Problem details:
Restate word for word the lines of the material below, from the line with "Slika 2. Tipičan" to the line with "祝老师办公时，乖巧懂事的女儿从来不去打扰。", both lines included, and no others.

Dataset entries:
------------

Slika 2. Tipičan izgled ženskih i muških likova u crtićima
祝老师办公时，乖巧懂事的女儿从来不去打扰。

------------

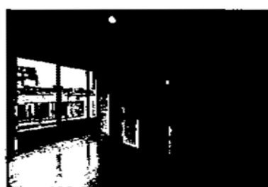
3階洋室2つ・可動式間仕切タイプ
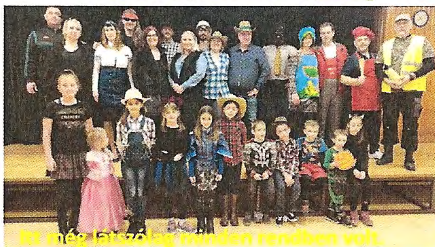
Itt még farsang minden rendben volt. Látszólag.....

------------

Task response:
Slika 2. Tipičan izgled ženskih i muških likova u crtićima
祝老师办公时，乖巧懂事的女儿从来不去打扰。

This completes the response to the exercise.